You can add this after any number of pipelines, and although the documentation for $first mentions a sort stage prior to using $first, it worked for me without it. " couldnt post a link here, my reputation is less than 10 :( "
You can save the results to a new collection by adding an $out stage...
Alternatively, if one is only interested in a few fields e.g. field1, field2, and not the whole document, in the group stage without replaceRoot:
db.collection.aggregate([
{
// only match documents that have this field
$match: {"fieldX": {$nin:[null]}}
},
{
$group: { "_id": "$fieldX", "field1": {"$first": "$$ROOT.field1"}, "field2": { "$first": "$field2" }}
}
],
{allowDiskUse:true})
The following Mongo aggregation pipeline does the deduplication and outputs it back to the same or different collection.
collection.aggregate([
{ $group: {
_id: '$field_to_dedup',
doc: { $first: '$$ROOT' }
} },
{ $replaceRoot: {
newRoot: '$doc'
} },
{ $out: 'collection' }
], { allowDiskUse: true })
My DB had millions of duplicate records. #somnath's answer did not work as is so writing the solution that worked for me for people looking to delete millions of duplicate records.
/** Create a array to store all duplicate records ids*/
var duplicates = [];
/** Start Aggregation pipeline*/
db.collection.aggregate([
{
$match: { /** Add any filter here. Add index for filter keys*/
filterKey: {
$exists: false
}
}
},
{
$sort: { /** Sort it in such a way that you want to retain first element*/
createdAt: -1
}
},
{
$group: {
_id: {
key1: "$key1", key2:"$key2" /** These are the keys which define the duplicate. Here document with same value for key1 and key2 will be considered duplicate*/
},
dups: {
$push: {
_id: "$_id"
}
},
count: {
$sum: 1
}
}
},
{
$match: {
count: {
"$gt": 1
}
}
}
],
{
allowDiskUse: true
}).forEach(function(doc){
doc.dups.shift();
doc.dups.forEach(function(dupId){
duplicates.push(dupId._id);
})
})
/** Delete the duplicates*/
var i,j,temparray,chunk = 100000;
for (i=0,j=duplicates.length; i<j; i+=chunk) {
temparray = duplicates.slice(i,i+chunk);
db.collection.bulkWrite([{deleteMany:{"filter":{"_id":{"$in":temparray}}}}])
}
Here is a slightly more 'manual' way of doing it:
Essentially, first, get a list of all the unique keys you are interested.
Then perform a search using each of those keys and delete if that search returns bigger than one.

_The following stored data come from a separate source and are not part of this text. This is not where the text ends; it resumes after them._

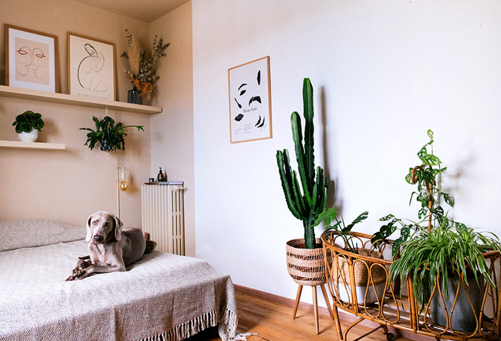 Quando lo spazio è poco, bisogna sfruttarlo anche in verticale. Io ho appeso mensole e bacheche dove annoto nuove idee per progetti creativi, ma che sono perfette per attaccare foto e poster. Per rendere più accogliente il mio angolo, ho aggiunto qualche pianta: una a terra, una appesa in un portapiante in macramè.
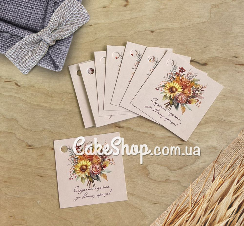 Цена на Бірка паперова Сердечна подяка 5х5 см, 10 шт равна 30 грн.
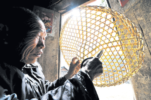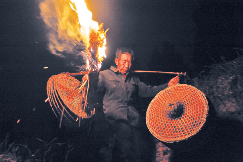 他捕捉“黎明”微光。2014年清明節(jié),白桑關鎮(zhèn)一條崎嶇山路上,晨光刺破火把的柔光,斗笠匠羅高太挑著斗笠走鄉(xiāng)串戶,竹篾在熹微中泛著青芒,老人佝僂的脊背與巍巍青山疊印成圖騰。吳成林俯身于露水叢中,迅速按下相機快門,用鏡頭記錄下這質樸而珍貴的畫面——《山村斗笠匠》,讓斗笠匠的故事傳向遠方。
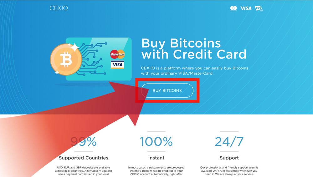 Ensimmäinen vaihe on vierailla CEX.IO -kauppapaikassa. Seuraa tätä linkkiä alla olevalle sivulle ja klikkaa ”BUY BITCOINS”! →

db.collection.distinct("key").forEach((num)=>{
var i = 0;
db.collection.find({key: num}).forEach((doc)=>{
if (i) db.collection.remove({key: num}, { justOne: true })
i++
})
});
tips to speed up, when only small portion of your documents are duplicated:
you need an index on the field to detect duplicates.

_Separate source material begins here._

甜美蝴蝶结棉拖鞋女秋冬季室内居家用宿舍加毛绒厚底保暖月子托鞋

$group does not use the index, but it can take advantage of $sort and $sort use the index. so you should put a $sort step at the beginning
do inplace delete_many() instead of $out to new collection, this will save lots of IO time and disk space.
if you use pymongo you can do:
index_uuid = IndexModel(
[
('uuid', pymongo.ASCENDING)
],
)
col.create_indexes([index_uuid])
pipeline = [
{"$sort": {"uuid":1}},
{
"$group": {
"_id": "$uuid",
"dups": {"$addToSet": "$_id"},
"count": {"$sum": 1}
}
},
{
"$match": {"count": {"$gt": 1}}
},
]
it_cursor = col.aggregate(
pipeline, allowDiskUse=True
)
# skip 1st dup of each dups group
dups = list(itertools.chain.from_iterable(map(lambda x: x["dups"][1:], it_cursor)))
col.delete_many({"_id":{"$in": dups}})
performance
I test it on a database contain 30M documents and 1TB large.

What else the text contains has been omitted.